The task — Where a line contains "Hajóskapitány óralátogatási igazolása", begin there and restate word for word every line to the end of the entries below, pictures excluded.

Start of Given data

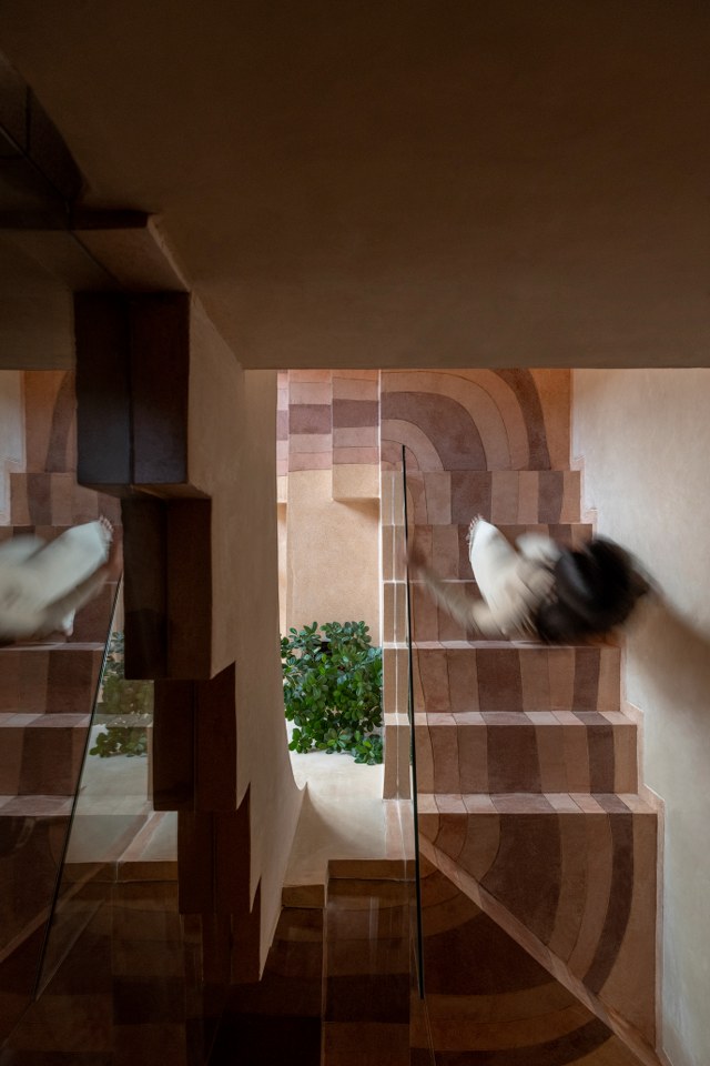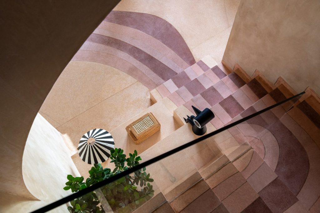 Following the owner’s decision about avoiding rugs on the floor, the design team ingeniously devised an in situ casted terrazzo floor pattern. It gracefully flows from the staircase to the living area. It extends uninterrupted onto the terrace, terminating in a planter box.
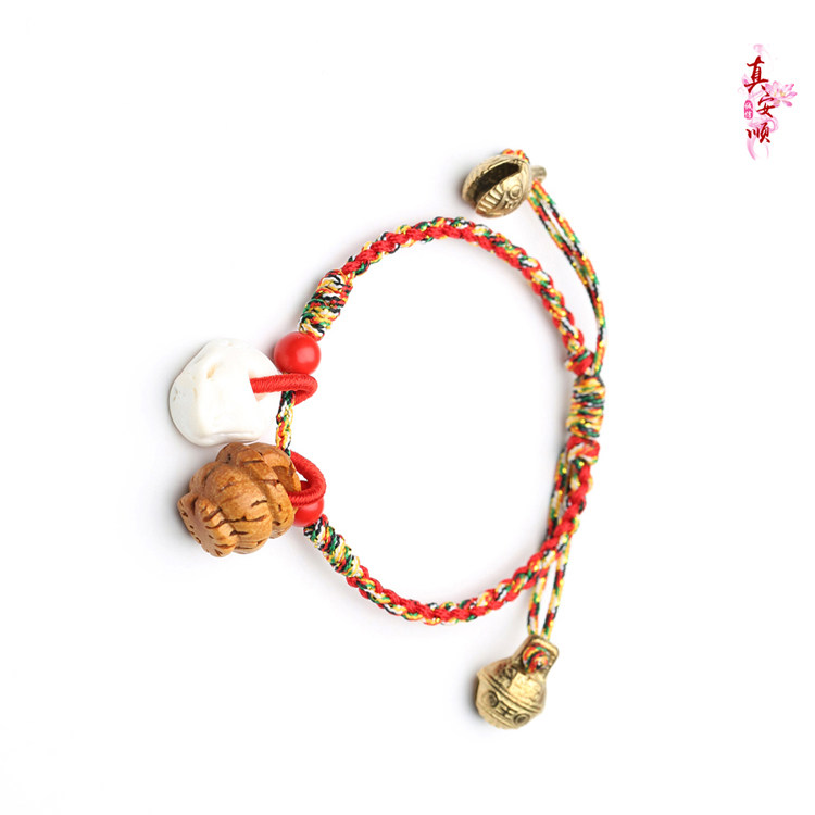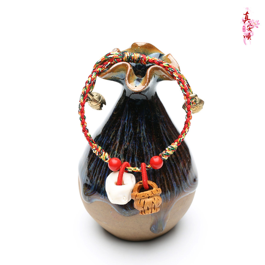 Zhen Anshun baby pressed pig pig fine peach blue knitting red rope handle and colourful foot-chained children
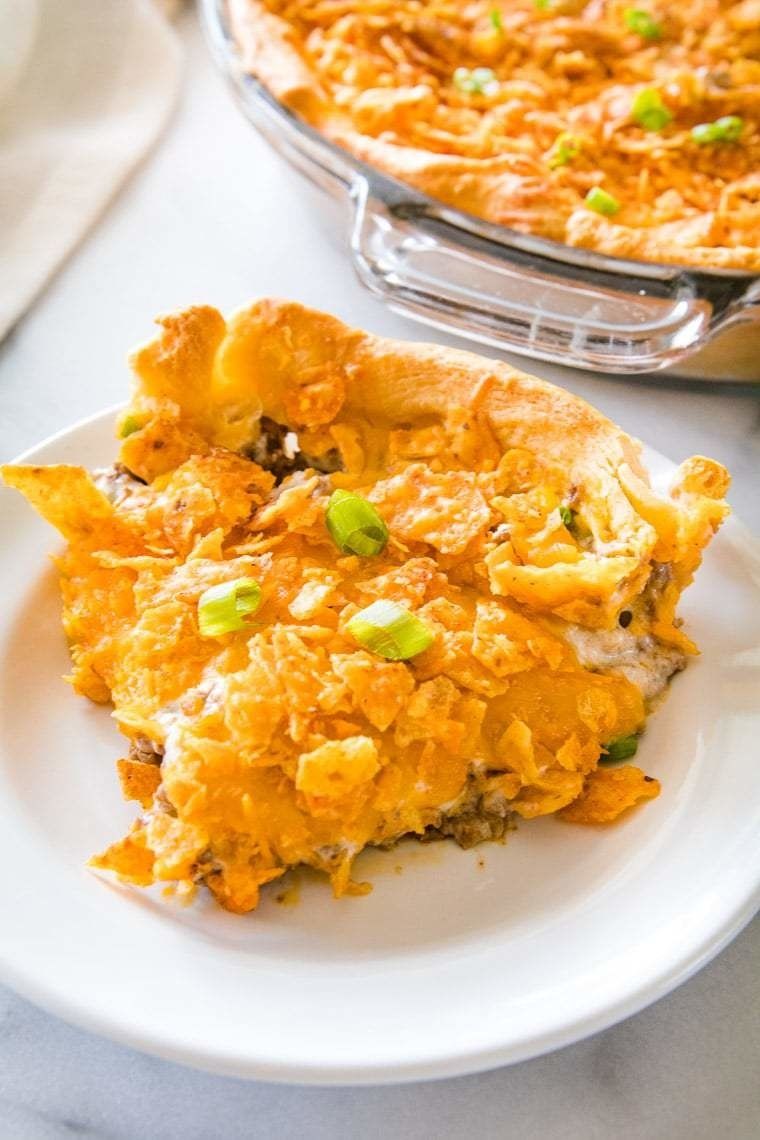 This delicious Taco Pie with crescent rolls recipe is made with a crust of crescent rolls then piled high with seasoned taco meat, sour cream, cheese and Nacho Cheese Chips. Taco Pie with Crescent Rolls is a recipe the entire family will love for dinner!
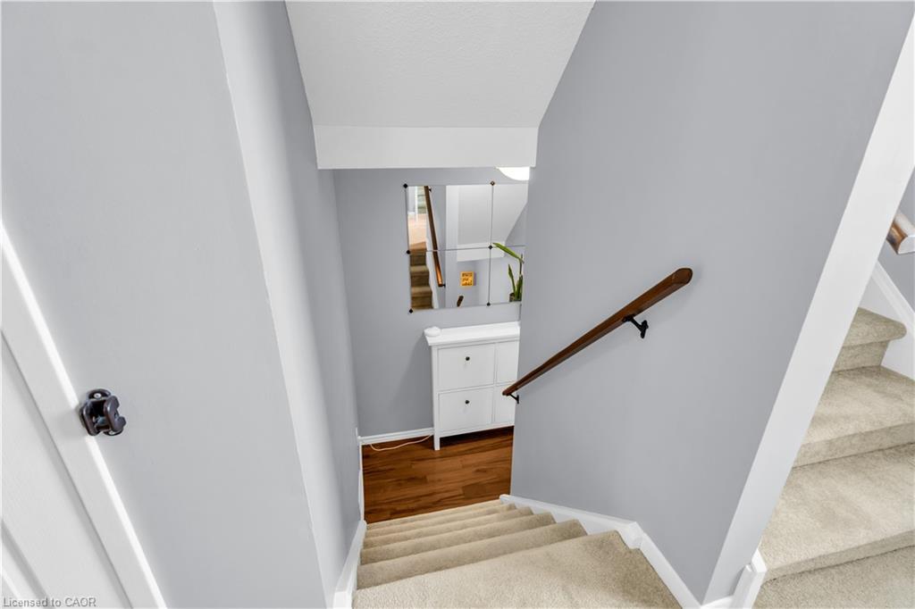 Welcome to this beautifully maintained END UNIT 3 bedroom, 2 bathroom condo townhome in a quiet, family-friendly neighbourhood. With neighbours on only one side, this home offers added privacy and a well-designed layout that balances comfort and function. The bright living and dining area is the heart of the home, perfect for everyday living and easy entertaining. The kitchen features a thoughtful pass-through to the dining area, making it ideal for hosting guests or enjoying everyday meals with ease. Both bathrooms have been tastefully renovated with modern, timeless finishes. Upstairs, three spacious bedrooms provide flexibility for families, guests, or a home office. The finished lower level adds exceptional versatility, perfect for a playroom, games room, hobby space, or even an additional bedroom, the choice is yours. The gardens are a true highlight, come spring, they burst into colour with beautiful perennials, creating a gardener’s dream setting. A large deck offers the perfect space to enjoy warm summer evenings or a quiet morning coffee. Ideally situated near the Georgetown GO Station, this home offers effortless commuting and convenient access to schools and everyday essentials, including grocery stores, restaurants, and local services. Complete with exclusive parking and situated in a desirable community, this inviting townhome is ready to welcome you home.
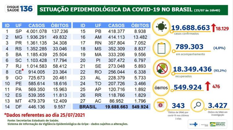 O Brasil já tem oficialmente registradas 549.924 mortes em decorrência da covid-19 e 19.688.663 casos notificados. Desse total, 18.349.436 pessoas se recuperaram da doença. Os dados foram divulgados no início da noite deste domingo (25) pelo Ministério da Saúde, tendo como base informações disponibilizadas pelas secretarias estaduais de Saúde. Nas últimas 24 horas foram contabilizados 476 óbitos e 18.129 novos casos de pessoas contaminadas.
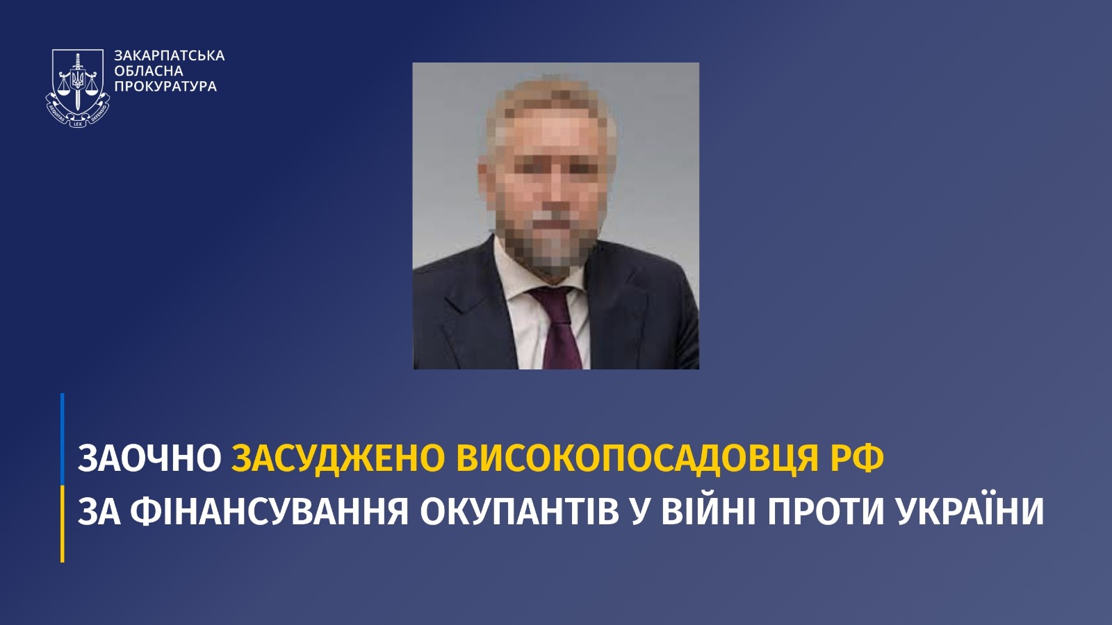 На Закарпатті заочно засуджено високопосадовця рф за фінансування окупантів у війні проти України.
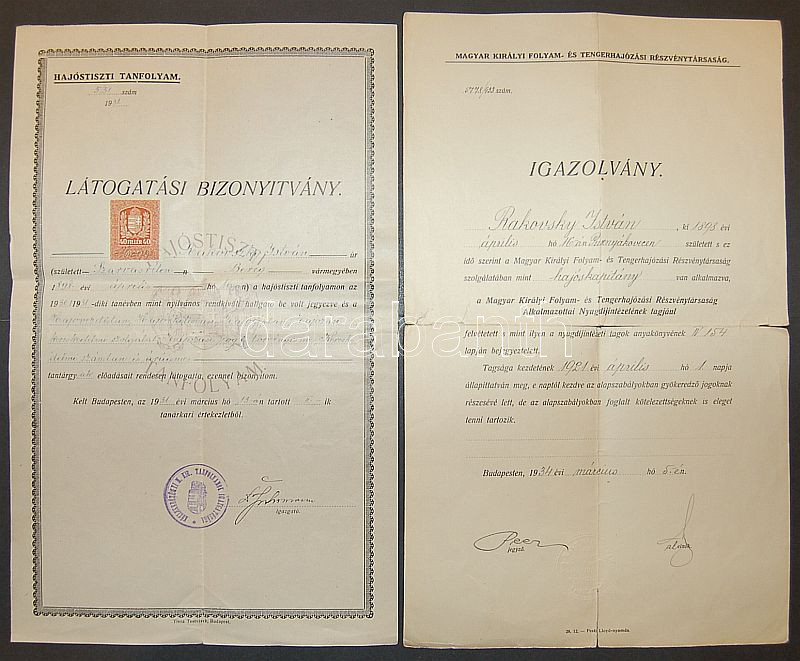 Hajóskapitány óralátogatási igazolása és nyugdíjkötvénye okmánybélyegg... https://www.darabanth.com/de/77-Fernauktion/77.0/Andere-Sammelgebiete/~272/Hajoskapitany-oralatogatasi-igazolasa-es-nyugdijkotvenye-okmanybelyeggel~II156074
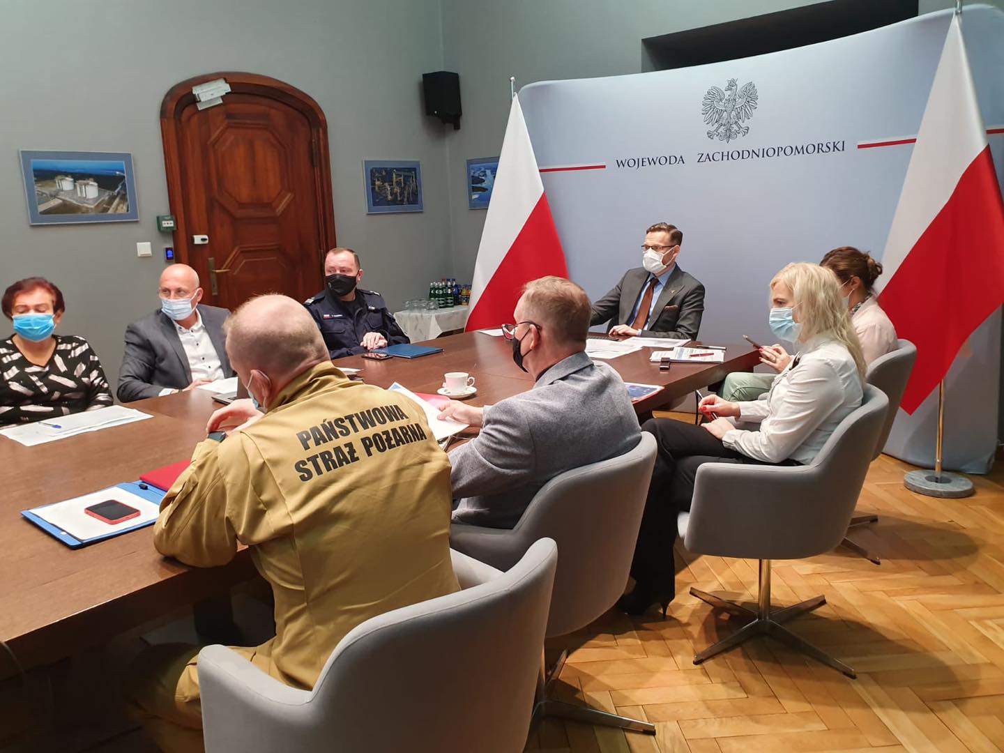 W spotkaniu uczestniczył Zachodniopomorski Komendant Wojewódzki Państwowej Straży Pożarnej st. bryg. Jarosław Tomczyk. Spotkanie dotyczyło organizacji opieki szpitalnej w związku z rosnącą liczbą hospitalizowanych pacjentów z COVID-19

End of Given data

Response to the exercise —
 Hajóskapitány óralátogatási igazolása és nyugdíjkötvénye okmánybélyegg... https://www.darabanth.com/de/77-Fernauktion/77.0/Andere-Sammelgebiete/~272/Hajoskapitany-oralatogatasi-igazolasa-es-nyugdijkotvenye-okmanybelyeggel~II156074
 W spotkaniu uczestniczył Zachodniopomorski Komendant Wojewódzki Państwowej Straży Pożarnej st. bryg. Jarosław Tomczyk. Spotkanie dotyczyło organizacji opieki szpitalnej w związku z rosnącą liczbą hospitalizowanych pacjentów z COVID-19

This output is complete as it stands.